Figure 7: Cross-system search for log entries from a specific period.

In Figure 7, the source field is linked to a wildcard and assigned to message levels 0 to 4. On Linux, the levels are numbered from 0 to 7, where 0 means Emergency, 1 is Alert, 2 is Critical, 3 is Error, …, and 7 is Debug. Under Windows, however, the levels are organized differently: Graylog stores the message levels that correspond to those on Linux, in the severity level field.

Alerts

SIEM places much value on security. Graylog allows you to correlate data from different sources to find the proverbial needle in the haystack. If a specific constellation recurs within a specified period of time, Graylog triggers an alert, which in turn enables administrators to react promptly.

Graylog alerts are based on streams. By default, a stream named All messages that does not support any rules takes in all notifications. A new rule creates a new stream. The Active Directory example earlier in the article created a stream with the rule (Figure 8) "search all messages with the field name EventID that contain the value 4625."

Figure 8: Rule for a stream that searches for failed logins.

An alert can be set up for this stream. Selecting Alerts | Manage condition | add new condition takes you to a form where you can define the stream and the conditions for the alert. In this example, choose the AD Failed Logons stream and select the alert Message count condition from among the three types of conditions:

Message count condition: The alert is triggered if the selected stream received x messages in the last y minutes (e.g., very good at detecting brute force attacks).
Field aggregation condition: The alert is triggered when a numeric field in a stream reaches a minimum or maximum threshold (e.g., suitable for determining whether the response time of a particular application has exceeded a maximum value).
Field content condition: The alert is triggered if a field contains a certain value (e.g., Unknown source, which means that an untrusted source installed a program).

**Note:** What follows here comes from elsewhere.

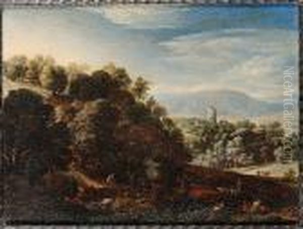 A Wooded Landscape With Figures Resting, A Traveller Crossing A Bridge And A Goatherd Tending His Flock, A View To A Village And Church Beyond
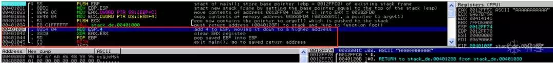 尽管main()除了调用函数foo()之外,还有一些工作必须首先发生,就像在调试器中看到的那样。首先,它将Argv [1](AAAAAAAAAAAAA)的内容推送到栈。然后,当函数foo()被调用时,返回地址被保存到栈中,保证程序执行流程可以在函数foo()终止后恢复。

Clicking on Add alert condition opens another form in which the values of the parameters in Table 3 can be entered.

Tabelle 3: Configuring Alerts

Parameter	Value	Remarks
Title	Failed Login AD
Time Range	1	Evaluate all incoming messages every xth minute
Threshold Type	More than	Threshold types are more than or less than
Threshold	5	Number of messages fulfilling the condition
Grace Period	1	Number of minutes after which the condition should become active again
Message Backlog	1	Number of messages to be attached in the alert

After defining all conditions for an alert, you can start setting up a notification. Under Alerts | Manage notifications | Add new notification, you can specify the stream in question and determine who should be notified in case of a problem. You can choose between an HTTP and an Email alert notification. The recipient of the message can be either a registered Graylog user or any email address entered in the form.

Conclusions

Central log management is indispensable in a modern IT landscape. On the one hand, it removes the need for administrators to perform manual checks; on the other hand, it increases the rate of error detection and improves security. SIEM systems systematically help detect anomalies or attacks and respond appropriately. They are thus the next generation of logging and are suitable for countering the increasing complexity of programs and attacks.

SIEM is additionally important because it has real-time monitoring capabilities and immediate notification of rule violations, as well as long-term archiving for analysis and reporting.